Employment: Labor markets continue to look positive. Again, despite a few temporary hurricane-related setbacks, almost all metrics are running on all cylinders, including jobless claims, unemployment, ‘underemployment’, JOLTs job openings, etc. Employment conditions have improved past ‘full’ employment, which implies future gains will be fleeting and perhaps less necessary, but also raises risks over time since the ultimate direction from peak levels becomes one-sided—down. That status could be pre-mature, but is worth watching, as is the Fed, due to comments made regarding the need for an arsenal of tools in the next recession, such as Fed Fund rate decreases and bond buying. This would be a reversal of their current upward path but reinforces the need for capacity when accommodative tools are again needed.
Probabilities for a rate hike in December remain high—over 95%, based on futures markets.
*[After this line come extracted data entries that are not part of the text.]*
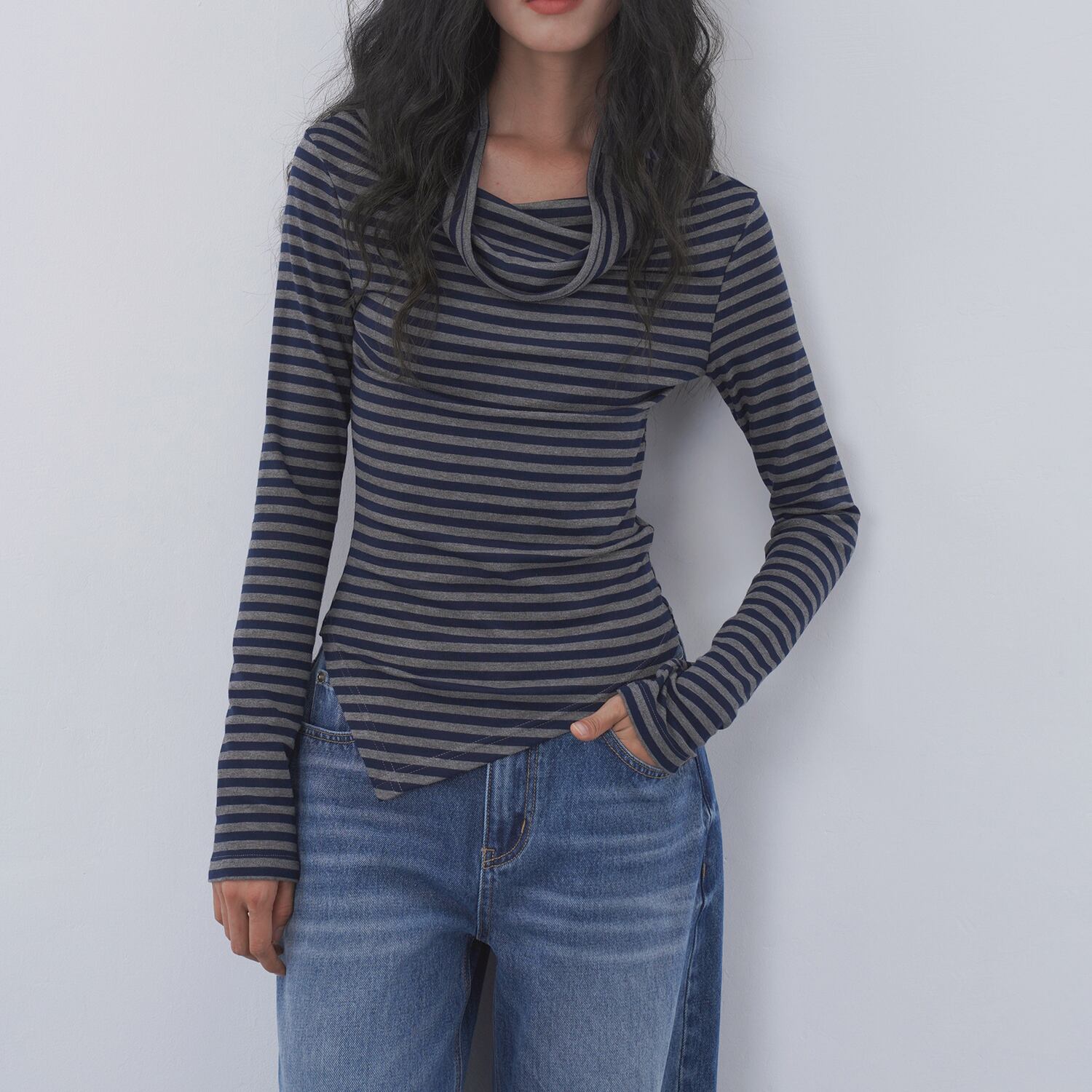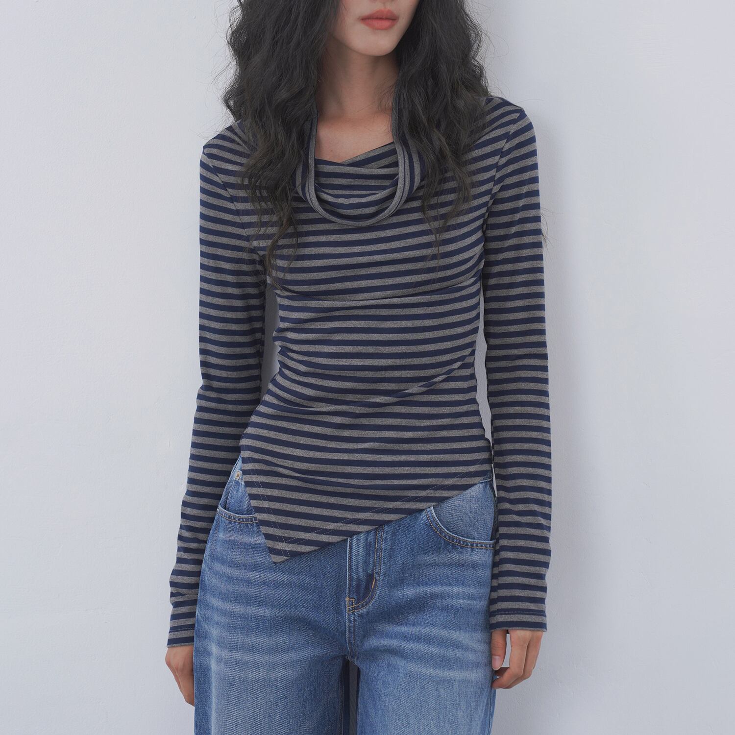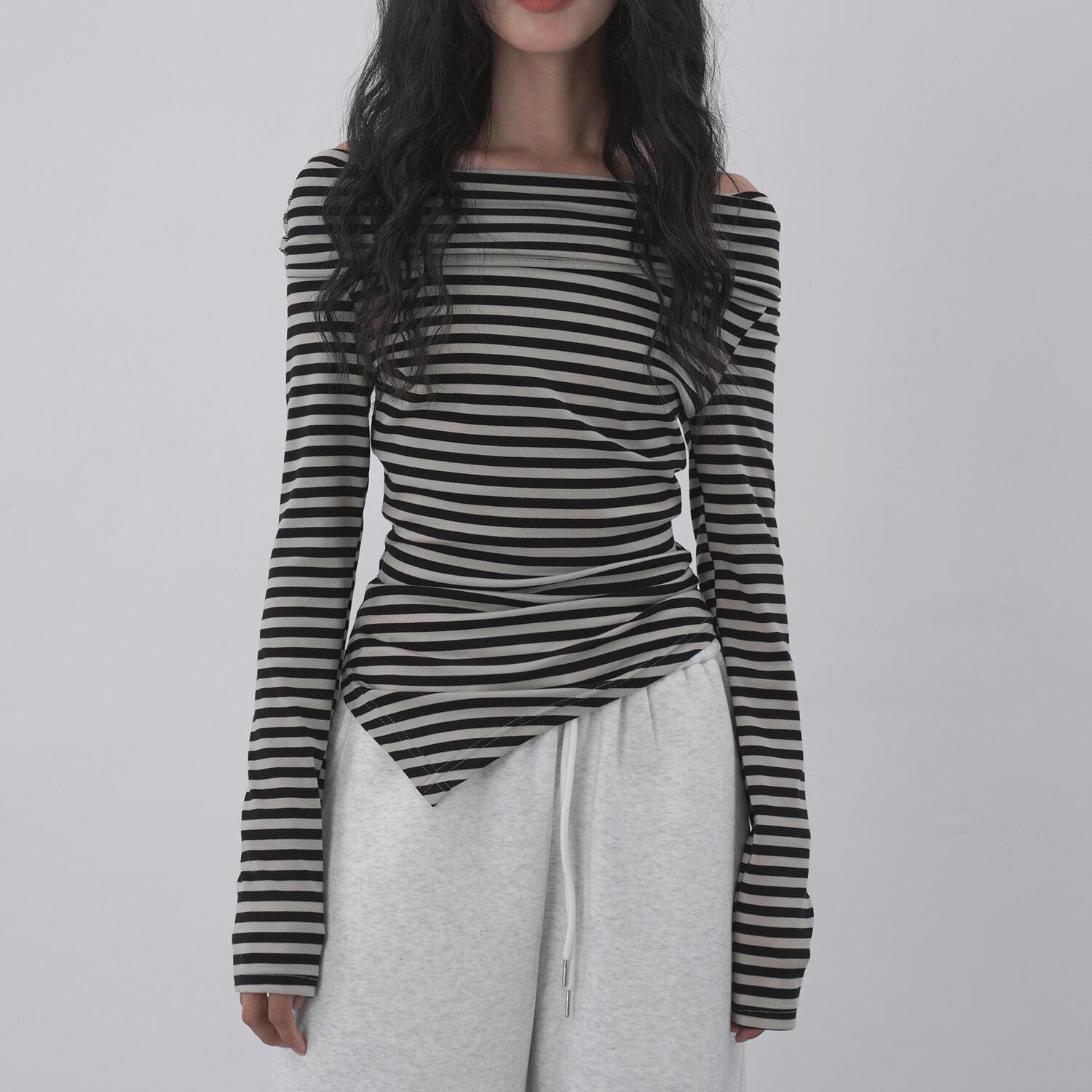 アシンメトリーボーダートップス 0048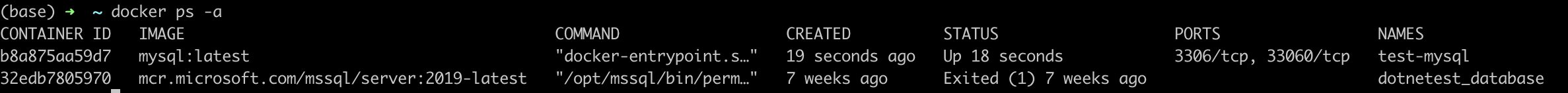 $ docker run --name test-mysql -e MYSQL_ROOT_PASSWORD=mysql1234 -d -p 3306:3306 mysql:latest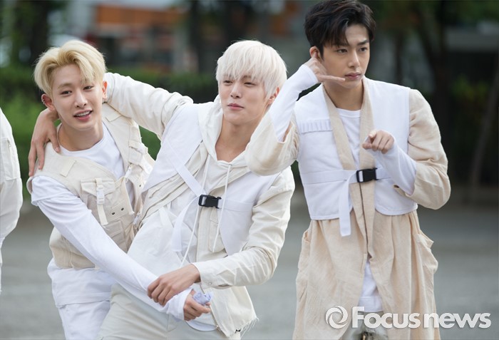 (서울=포커스뉴스) 20일 오전 서울 영등포구 KBS에서 아이돌그룹 몬스타엑스의 멤버들이 생방송 뮤직뱅크 리허설에 참여하기 위해 이동하던 중 포토타임을 갖고 있다.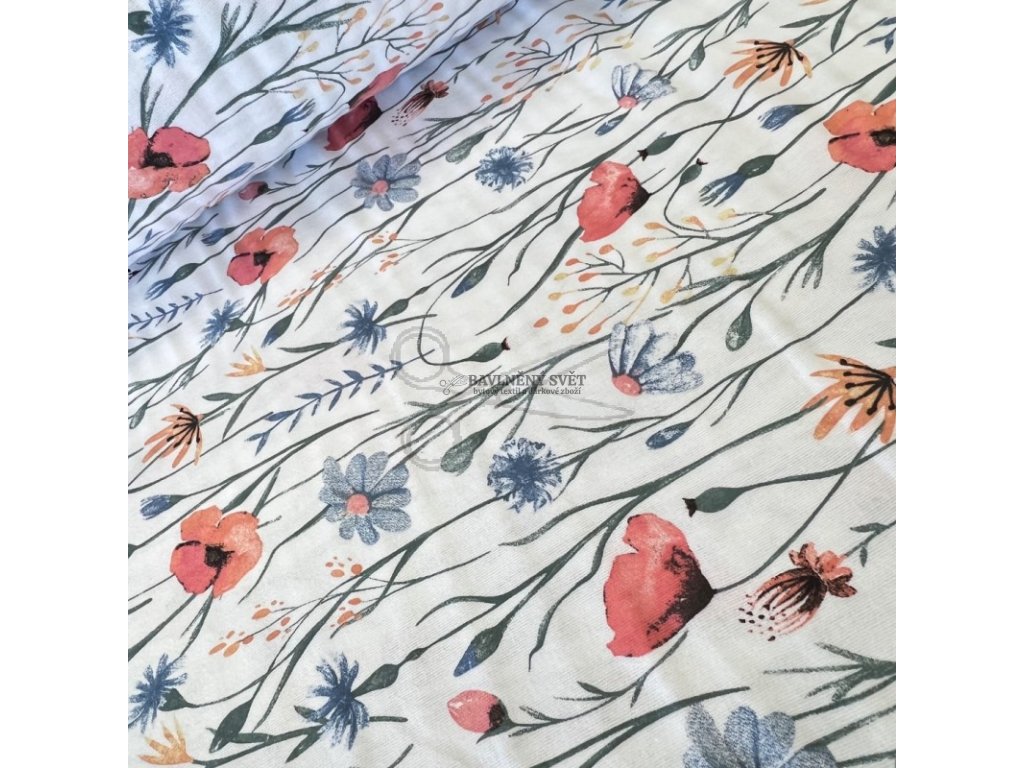 Bavlněný flanel MÁKY a CHRPA šíře 240 cm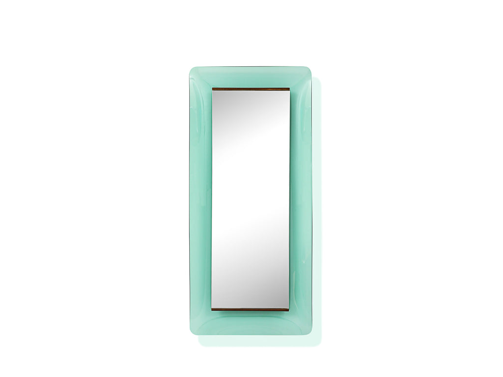 Italy | c. 1950 Wood structure, colored glass, mirrored glass, mahogany strip. Curved green glass frame. 2nd matching mirror also available. Maker's sticker affixed to rear of mirror.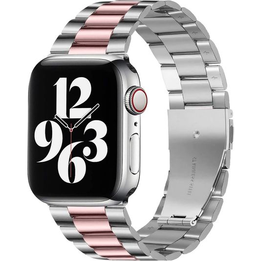 Mobigear Antwerp Bracelet Acier Apple Watch Fermeture boucle déployante - 49/46/45/44 mm - Rose / Argent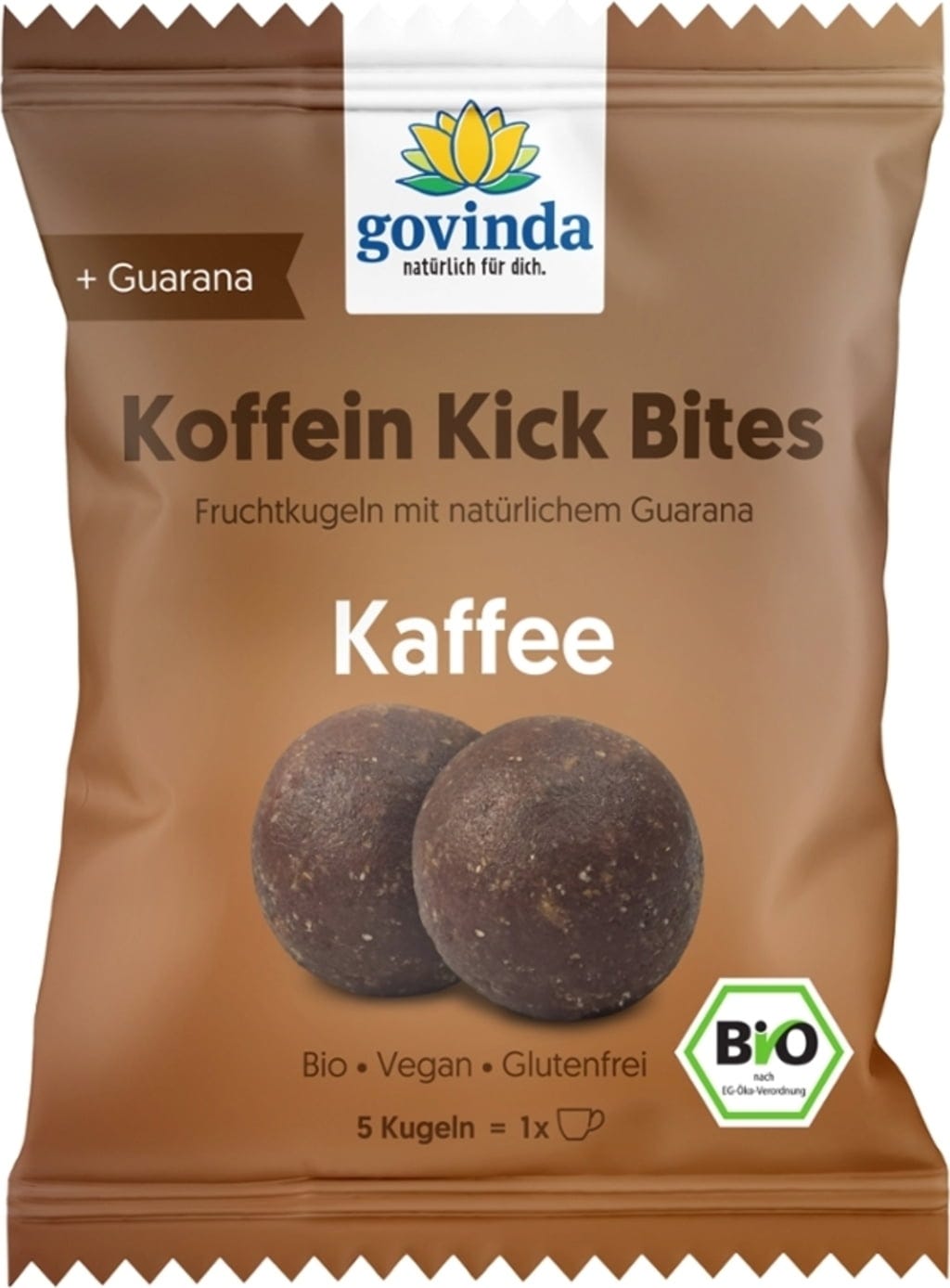 Govindan Kofeiini Kick Bites yhdistää taatelien ja maakastanjoiden luonnollisen makeuden aromikkaaseen kahviuutteeseen. Hakattujen hasselpähkinöiden ja aidon guaranan maustama makeinen tarjoaa intensiivisen maun luomulaatuisena. Gluteeniton ja vegaaninen makeinen on täydellinen valinta tietoiselle välipalalle kätevässä muodossa, ilman keinotekoisia lisäaineita.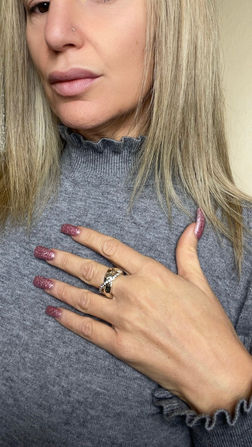 L'Anello Gia è un gioiello incantevole, con un design incrociato che cattura lo sguardo e brillantini che lo rendono ancora più luminoso. La sua taglia unica, adattabile, lo rende perfetto per ogni dito, offrendo comodità e stile. Porta un tocco di eleganza ad ogni look con l'Anello Già color silver.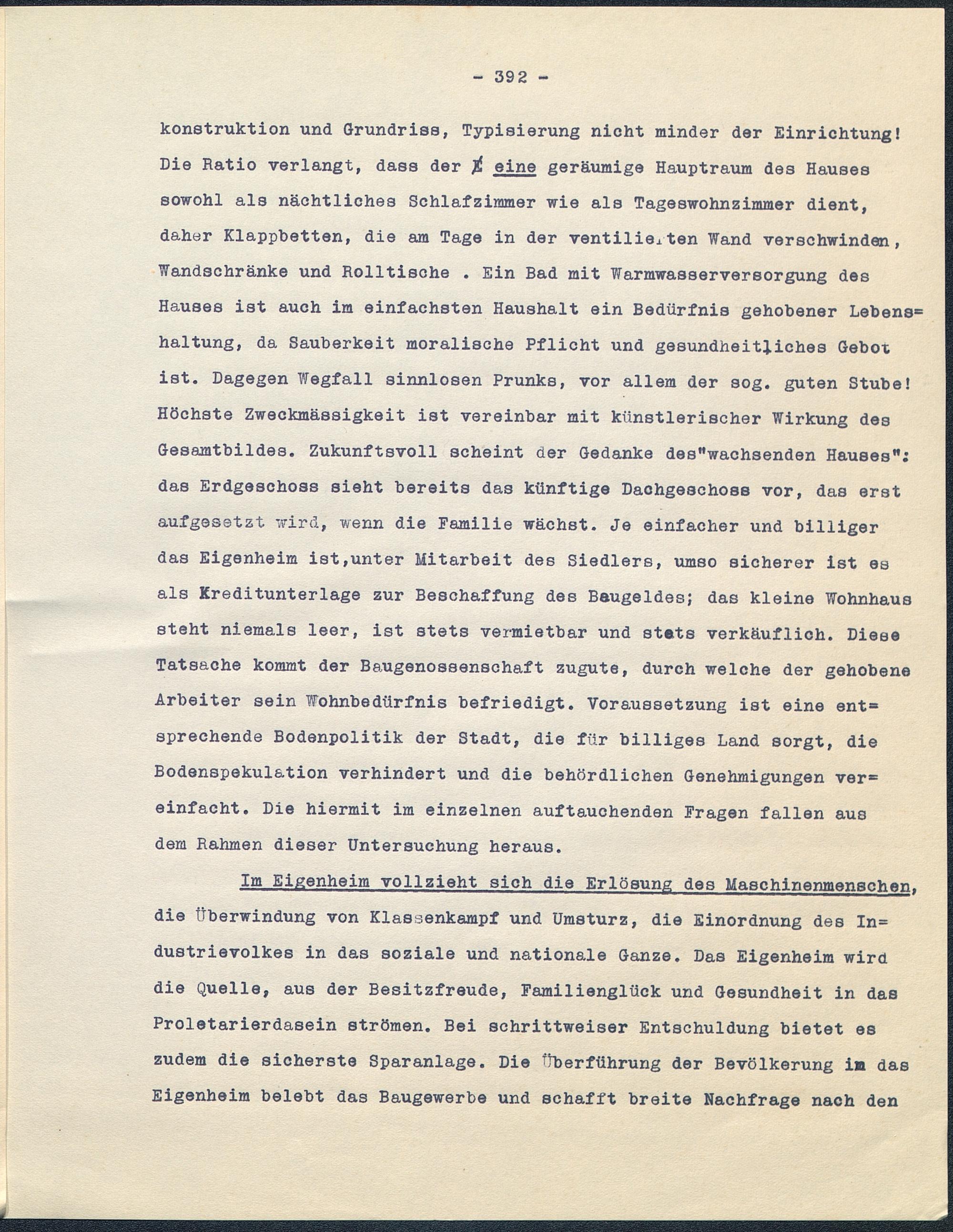 Im Eigenheim vollzieht sich die Erlösung des Maschinenmenschendie Oberwindung von Klassenkampf und Umsturz, die Einordnung des In=dustrievolkes in das soziale und nationale Ganze. Das Eigenheim wirddie Quelle, aus der Besitzfreude, Familienglück und Gesundheit in dasProletarierdasein strömen. Bei schrittweiser Entschuldung bietet eszudem die sicherste Sparanlage. Die Oberführung der Bevölkerung im dasEigenheim belebt das Baugewerbe und schafft breite Nachfrage nach den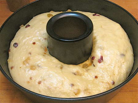 Now, I know everyone will ask—can I bake it in a bundt-style pan? Yes, so long as it's large enough. A 9” to 10” pan should do the trick. How about baking it in a free-form wreath shape? I believe this dough is stiff enough, with the fruit, to handle that. It'll spread and flatten a bit rather than rise quite so high. And finally, if you insist on baking it in the traditional round, tall pan, go for it; you'll need to bake the panettone longer, and tent with foil if it appears to be browning too quickly. Check out our Ginger-Apricot Panettone recipe for baking instructions using a traditional pan.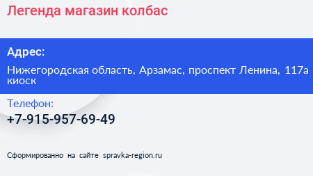 Легенда, магазин колбас по адресу Нижегородская область, Арзамас, проспект Ленина, 117а киоск в дальнейшем Организация, размещена в следующих категориях: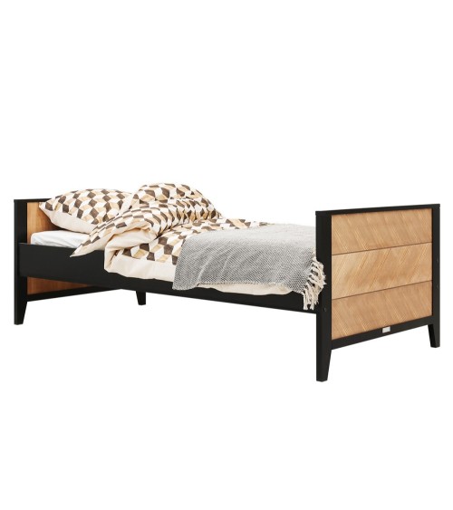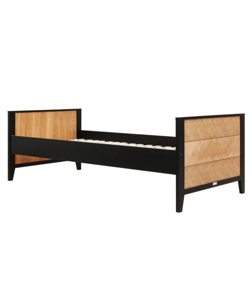 Le lit junior 90x200 Bopita Job est une solution parfaite pour offrir à votre enfant d'avantage de confort qu'avec son lit évolutif. Idéal pour la chambre d'une fille comme pour celle d'un garçon, il est conçu pour durer dans le temps.Caractéristiques produitMarque : BopitaBois de pinMeuble de couleur noir et bois naturelLit conforme aux normes européennes de sécuritéPoids net lit enfant : 41 kgLit enfant Bopita: 206 x 98 x 69 cmLit livré sans matelas, avec sommier à monter, avec notice incluse.Produit Bopita garanti 60 Mois.Matelas vendu séparément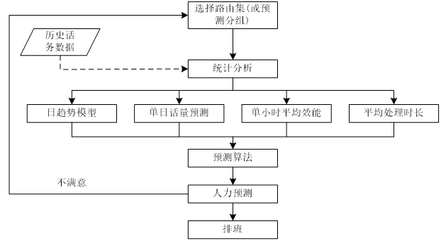 预测的主要目的是为预测分组维护相应的历史模型,即用于从历史话务数据预测得到当前业务所需要的座席人员数量模型。预测的基本步骤如下: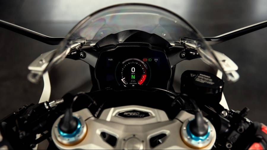 As with the Speed Triple 1200 RS, the RR comes with a full suite of state-of-the-art rider aids, electronics and convenience features designed to not only make the ride easier and safer, but also deliver a tailored set-up for different riding scenarios. The new Speed Triple RR promises to be the most exhilarating-to-ride Speed Triple ride ever, with its Öhlins Smart EC 2.0 electronically adjustable semi-active front and rear suspension which is currently the most advanced suspension system from Öhlins. The RR's clip-on bars are 135mm lower and 50mm further forward and are narrower than those on the Speed Triple 1200 RS. The Speed Triple 1200 RR also gets better stopping power in the form of Brembo Stylema brakes with linked braking system with an adjustable Brembo MCS lever. The bike also gets a bi-directional quickshifter, cornering ABS, switchable cornering traction control (with IMU) and an anti-wheelie system.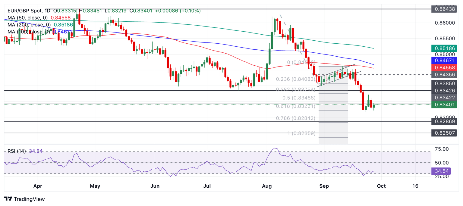 - EUR/GBP appears to have stalled after pulling back higher from the September 24 lows.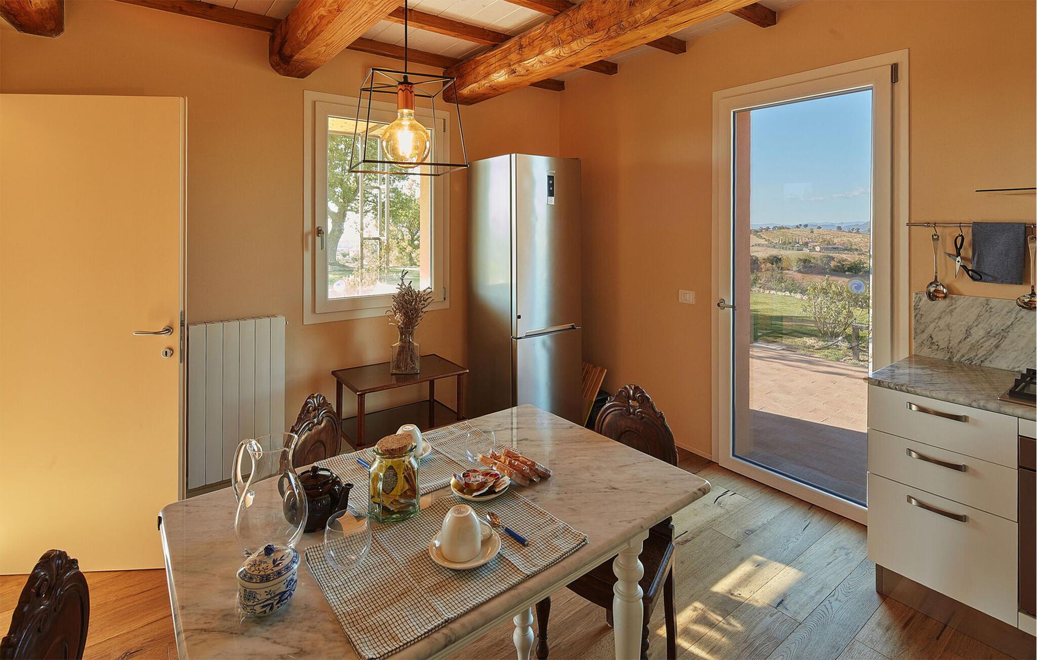 Nyd det gode liv i dette rummelige og smagfuldt indrettede feriehus, beliggende i det smukke toscanske landskab. Her finder I rigelig plads til hyggelige aftener med madlavning, dejlige måltider og hyggelige spilleaftener med familien. Snak om svundne tider i den komfortable stue, stream en film eller kig på biblioteket efter en interessant bog.

Fed action beyond that remains in question, with a 50/50 chance of another move by early next summer; however, these probabilities are fickle. A slow rise in rates toward ‘normal’ levels’ has largely been baked into expectations of investors as well as likely the Fed itself, through speeches and other ‘hints’ provided inter-meeting as to not spur too many surprises. Next year, three hikes are expected overall, which implies continued economic growth and ongoing labor market strength, and continued hopes for inflation gravitating to target more consistently.
Investment markets continue to be driven by a handful of themes, the largest of which continue to be earnings growth and possibilities for tax cuts/reform later this year, or, more likely, in 2018. A lower corporate tax rate would have an impact on S&P earnings in a positive way, which has kept sentiment buoyed, but could also be a source of volatility if details are not ironed out as quickly as hoped and/or other political side issues detail the process. Foreign markets continue to show improvement, and being earlier in the business cycle than the U.S. at this point, could also demonstrate the potential for longevity. Certain risk markets have certainly become more fickle with higher valuations in many areas, but the idea of a full ‘bubble’ may be premature, as long as pricing is sustained by underlying fundamentals. Normally, September and October represent the most volatile months of the year from a seasonal standpoint, while the ‘Santa Claus’ rally has historically boosted prospects in November and December. This year, the continued low vol environment certainly bucked the trend of the former, while we have a few weeks to sort out the latter.